Effective risk management is a vital part of protecting your hard-earned wealth. Lots of UHNW individuals and families have lost considerable portions of their wealth in the past because they didn’t prepare for risks such as law suits and market volatility.
  • Risk of Lawsuits: liability insurance; there are various ways to ensure the protection of your assets.
  • Risk of Market Volatility: The best way to counter the threat of market volatility is diversifying your investments. In addition to diversifying investments by geographic location, industry and class, UHNW families can also reduce risk by taking the route of tax free bonds.
  • Risk of losing Income: Unfortunately, serious illnesses and disabilities are a part of life and can befall anyone. Purchasing long-term care and critical illness insurance can protect your family from the risk of permanent or temporary income loss.

Giving to Charity

There are numerous strategies you can use to get the maximum out of the gifts you make to charity:
  • As we’ve previously mentioned, capital gains tax isn’t levied on publicly listed securities, which have gone up in value once they have been donated to a qualified charitable organization. Furthermore, the receipt you receive depicts the current market value of the securities you have donated.
  • If you want to create a lasting philanthropic legacy, consider setting up a charitable foundation. While you’ll have higher flexibility and better control with a private foundation, a public foundation would suit you better if you don’t want day-to-day involvement.

Testamentary Trusts

You can also create testamentary trusts through your will. It will provide income tax benefits to your beneficiaries, which they wouldn’t get with an outright inheritance.
However, in case of an outright inheritance, the income earned will be added to their regular income and taxed accordingly. This can potentially increase their tax rate and reduce their after-tax income.
Potential tax benefits aren’t the only plus point of testamentary trusts. You can also set them up to ensure that a child from another marriage or a disabled family member receives their inheritance.

Splitting the Family Income

Another effective way for UHNW families to reduce their tax burden is splitting the income.
Why? Well, the first reason is the American tax system, according to which, the higher your income, the higher the amount you owe in taxes.
By splitting the income between members of the family, (especially shifting it to low-income members) families can potentially save thousands of dollars in taxes.

Planning For Business Succession

If you plan to pass on your business to your children or your grandchildren, here are a few effective business succession planning strategies:
  • Figure out which of your children has the ability and the interest to lead your business.After you have made a decision in regards of who is to be your successor, gradually start involving the chosen person in business matters. Have them meet the important business contacts, and slowly ease them into a role of responsibility. The duration of this transition should be 5 to 10 years.
  • Have a financial plan in place which incorporates strategies like individual pension plans, an estate freeze for minimizing taxes, and insurance to provide protection against risks and unforeseen events. Include a shareholder’s agreement as well.
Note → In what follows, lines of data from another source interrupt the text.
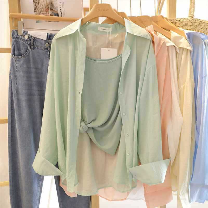 夏の日焼け止めシャツ女性の薄いタイプのゆるい怠惰なカーディガンカジュアルな新しいデザインシャツコート長袖上着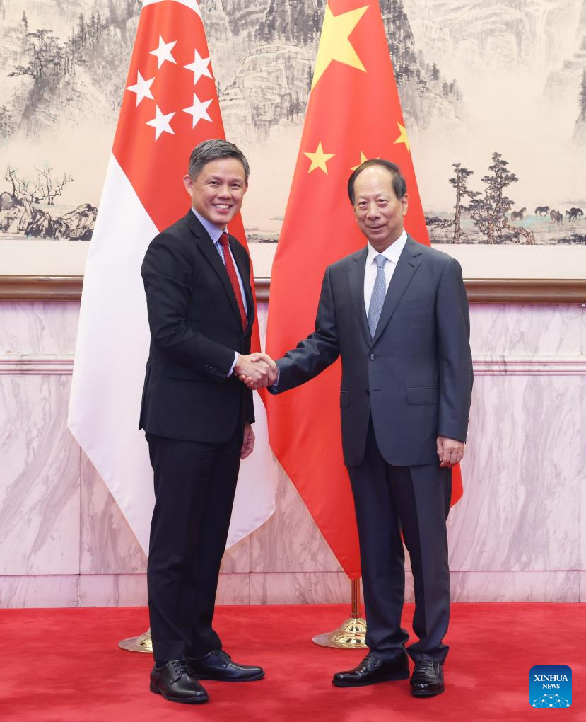 BEIJING, Sept. 17 (Xinhua) -- Shi Taifeng, a senior official of the Communist Party of China (CPC), met with Chan Chun Sing, Singapore's Coordinating Minister for Public Services and Minister for Defence, in Beijing on Wednesday.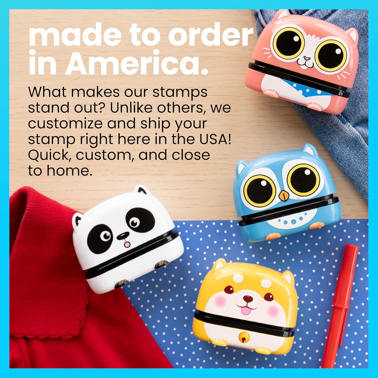 CLOTHING STAMP: This personalized stamp uses an ink solution that is skin safe, allowing you to use it on your clothing without irritation.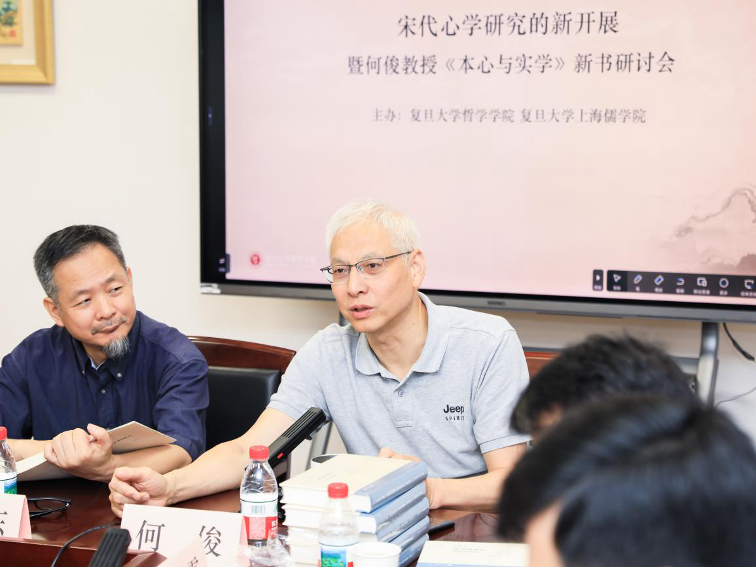 On August 16, 2025, the Symposium on New Developments in the Study of School of Mind of the Song Dynasty and Professor He Jun’s new work The Original Mind and Practical Learning was successfully held in Guanghua Tower at Fudan University, co-organized by the School of Philosophy Fudan University and the Shanghai Academy of Confucianism(上海儒学院). The symposium focused on Professor He Jun’s recent research on Lu Xiangshan’s Theory of Mind, with thirty scholars from universities and research institutions across China in attendance. Participants held in-depth discussions on major issues such as the historical positioning of Lu Xiangshan’s School of Mind, the Debate between the theory of Zhu Xi and that of Lu Jiuyuan(朱陆之辩), and the intellectual lineage of Mencius thought(孟子学渊源), offering valuable insights for the further studies on the study of the School of Mind of the Song Dynasty.
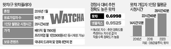 왓챠는 2011년 설립 이후 작년까지 연평균 191%의 매출 증가율을 기록 중이다. 가입자 1인당 월평균 시청시간도 빠르게 늘고 있다. 2016년 14시간12분이었던 시청시간은 올해 1분기 말 기준 28시간42분으로 두 배 이상 늘었다.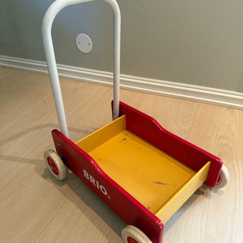 BRIO gåvogn i tre med røde detaljer. Er et merke i selve vognen som du kan se på bildet, ellers topp stand.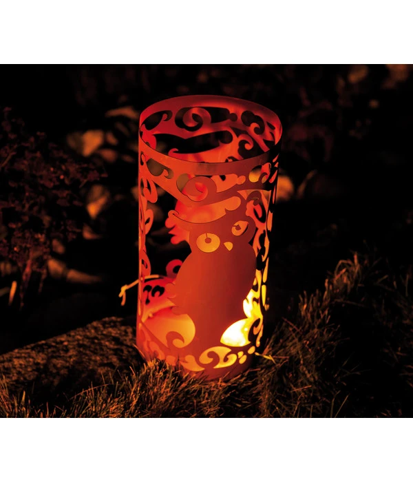 Wenn Sie auch nicht genug von gemütlichem Kerzenschein bekommen können, dann ist das Ferrum Rost-Windlicht Eule wie für Sie gemacht! Es eignet sich sowohl für den Innen- als auch für den Außenbereich und zaubert im Handumdrehen wunderschöne Lichtspiele. Durch seine großzügigen Maße können Sie problemlos verschiedene Kerzenvarianten verwenden und dank der vielen hübschen Details beeindruckt das Windlicht garantiert auch Ihren Besuch. Probieren Sie es doch gleich aus und bestellen Sie sich Ihr eigenes originelles Exemplar!

Vacation Property Planning

Ownership of a vacation property can be the cause of a variety of issues, especially if a family is involved. One major concern is passing along the property to the next generation without creating conflict. However, with some careful planning, not only can you pass along the property in a harmonious way, but you can also reduce taxes.
Here are some effective strategies:
  • An inter vivos family trust is a good way to pass on a vacation property to your children. Not only will it enable you to avoid probate tax, but it will also allow you to defer future capital gains tax.
  • If 2 or more children are to own the property, you can establish the ground rules by creating a co-ownership agreement.